▶ [Exercise goal]: A faithful copy is required: transcribe each line below exactly, minus the pictures.

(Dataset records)
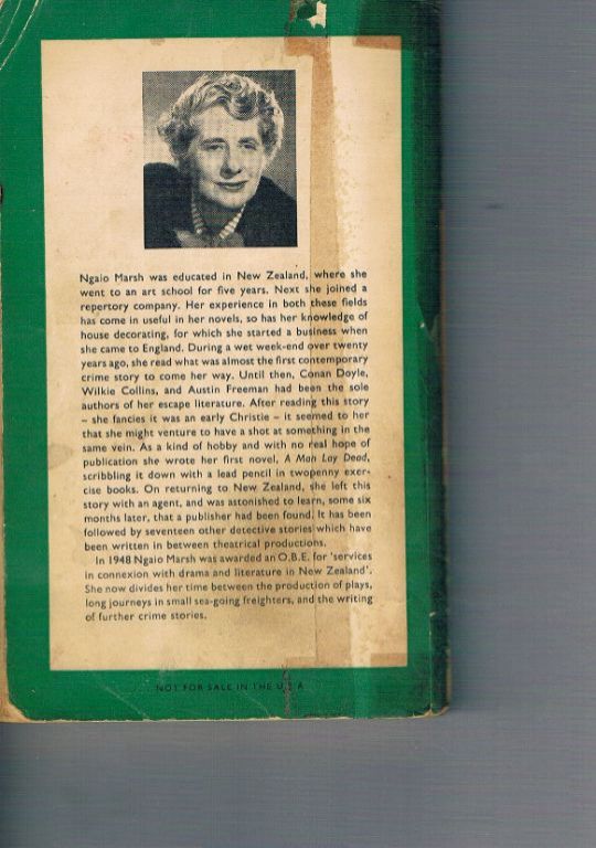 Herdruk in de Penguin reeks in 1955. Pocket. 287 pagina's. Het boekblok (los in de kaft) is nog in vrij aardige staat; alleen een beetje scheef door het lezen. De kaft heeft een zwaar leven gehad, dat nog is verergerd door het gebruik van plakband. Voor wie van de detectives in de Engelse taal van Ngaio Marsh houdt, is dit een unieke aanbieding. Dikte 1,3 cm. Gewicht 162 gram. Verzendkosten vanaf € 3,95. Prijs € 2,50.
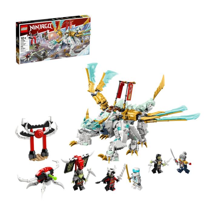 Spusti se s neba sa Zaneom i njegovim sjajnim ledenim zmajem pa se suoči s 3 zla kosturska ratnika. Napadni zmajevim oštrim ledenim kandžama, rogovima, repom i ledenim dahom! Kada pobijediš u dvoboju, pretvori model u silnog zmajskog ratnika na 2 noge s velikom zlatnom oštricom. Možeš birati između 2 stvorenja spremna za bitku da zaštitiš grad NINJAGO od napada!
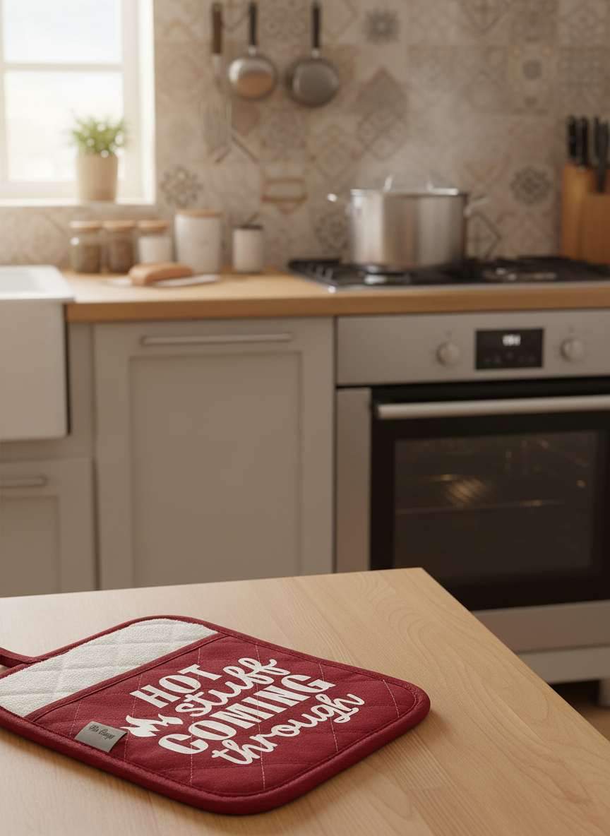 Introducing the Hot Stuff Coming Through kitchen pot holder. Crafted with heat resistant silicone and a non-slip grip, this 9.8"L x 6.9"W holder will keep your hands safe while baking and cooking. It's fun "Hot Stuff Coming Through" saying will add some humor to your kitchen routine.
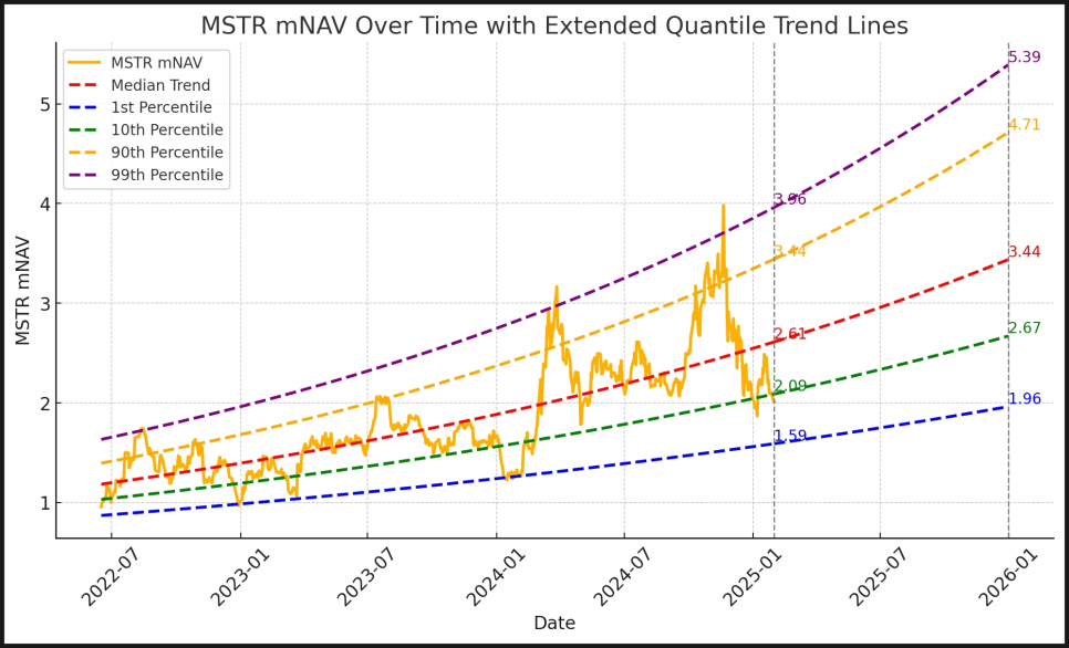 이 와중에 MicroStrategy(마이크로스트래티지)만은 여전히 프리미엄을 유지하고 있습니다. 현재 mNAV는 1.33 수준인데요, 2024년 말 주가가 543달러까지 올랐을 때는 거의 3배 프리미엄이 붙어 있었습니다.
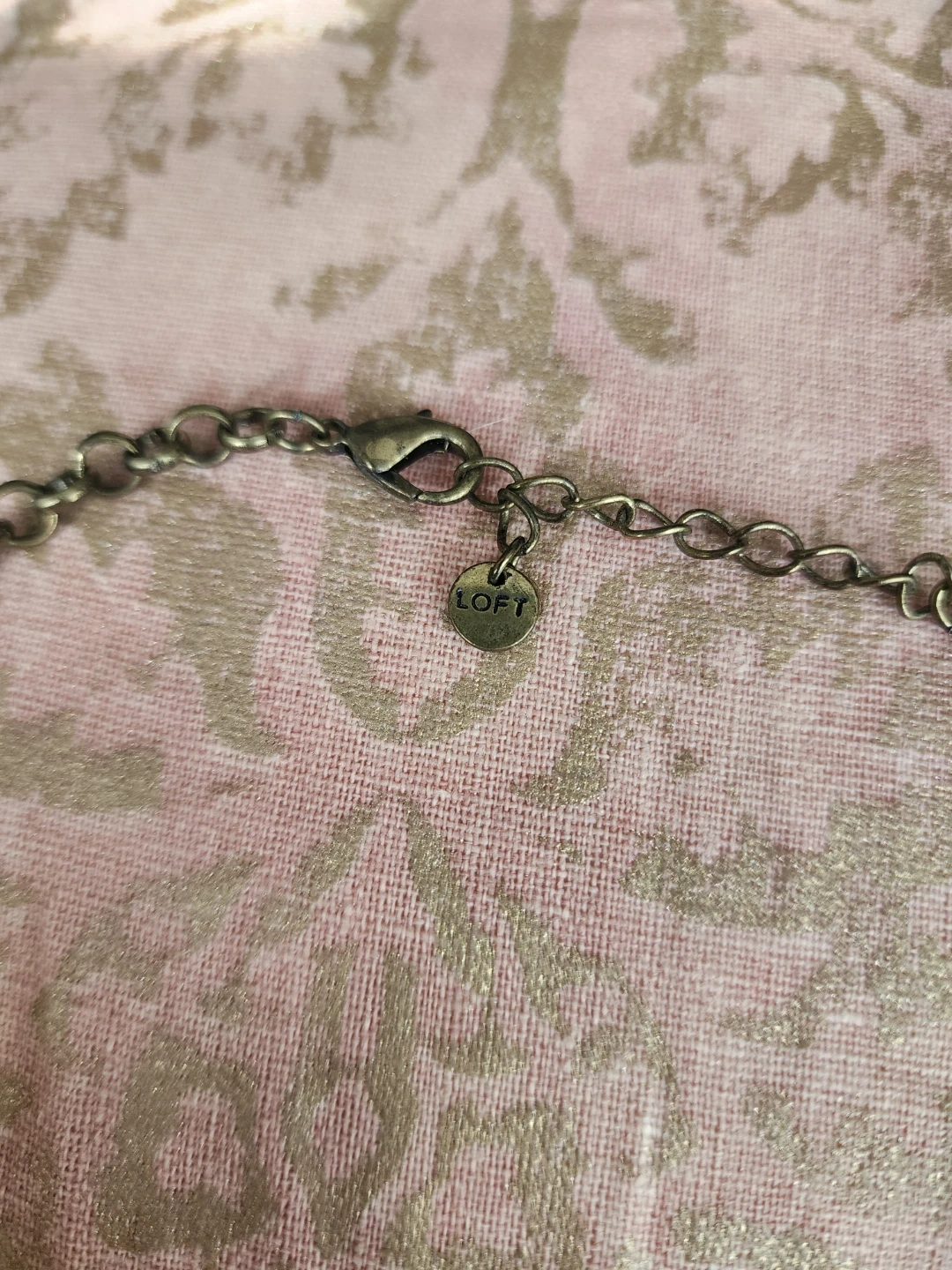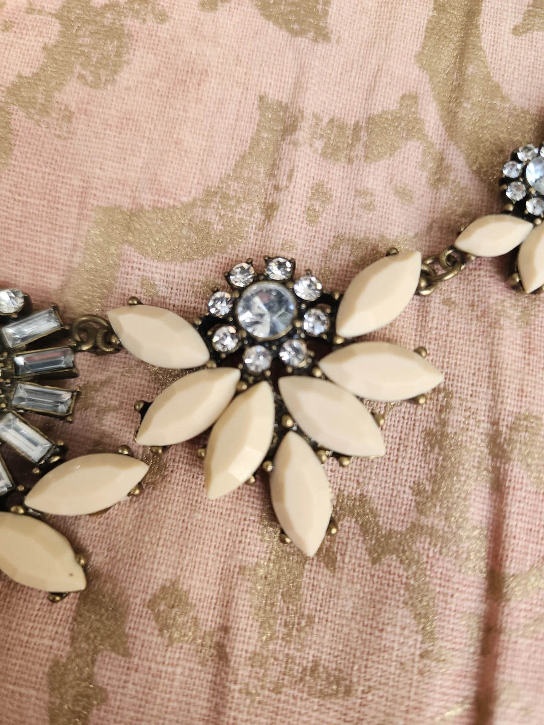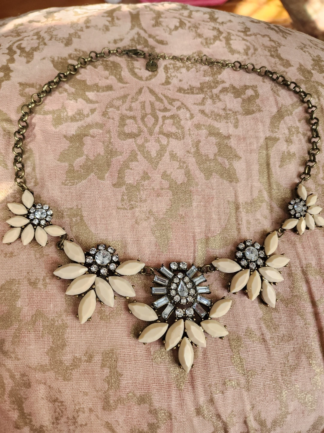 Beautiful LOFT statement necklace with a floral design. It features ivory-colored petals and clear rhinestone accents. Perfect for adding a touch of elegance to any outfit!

▶ [Exercise answer]:
 Herdruk in de Penguin reeks in 1955. Pocket. 287 pagina's. Het boekblok (los in de kaft) is nog in vrij aardige staat; alleen een beetje scheef door het lezen. De kaft heeft een zwaar leven gehad, dat nog is verergerd door het gebruik van plakband. Voor wie van de detectives in de Engelse taal van Ngaio Marsh houdt, is dit een unieke aanbieding. Dikte 1,3 cm. Gewicht 162 gram. Verzendkosten vanaf € 3,95. Prijs € 2,50.
 Spusti se s neba sa Zaneom i njegovim sjajnim ledenim zmajem pa se suoči s 3 zla kosturska ratnika. Napadni zmajevim oštrim ledenim kandžama, rogovima, repom i ledenim dahom! Kada pobijediš u dvoboju, pretvori model u silnog zmajskog ratnika na 2 noge s velikom zlatnom oštricom. Možeš birati između 2 stvorenja spremna za bitku da zaštitiš grad NINJAGO od napada!
 Introducing the Hot Stuff Coming Through kitchen pot holder. Crafted with heat resistant silicone and a non-slip grip, this 9.8"L x 6.9"W holder will keep your hands safe while baking and cooking. It's fun "Hot Stuff Coming Through" saying will add some humor to your kitchen routine.
 이 와중에 MicroStrategy(마이크로스트래티지)만은 여전히 프리미엄을 유지하고 있습니다. 현재 mNAV는 1.33 수준인데요, 2024년 말 주가가 543달러까지 올랐을 때는 거의 3배 프리미엄이 붙어 있었습니다.
 Beautiful LOFT statement necklace with a floral design. It features ivory-colored petals and clear rhinestone accents. Perfect for adding a touch of elegance to any outfit!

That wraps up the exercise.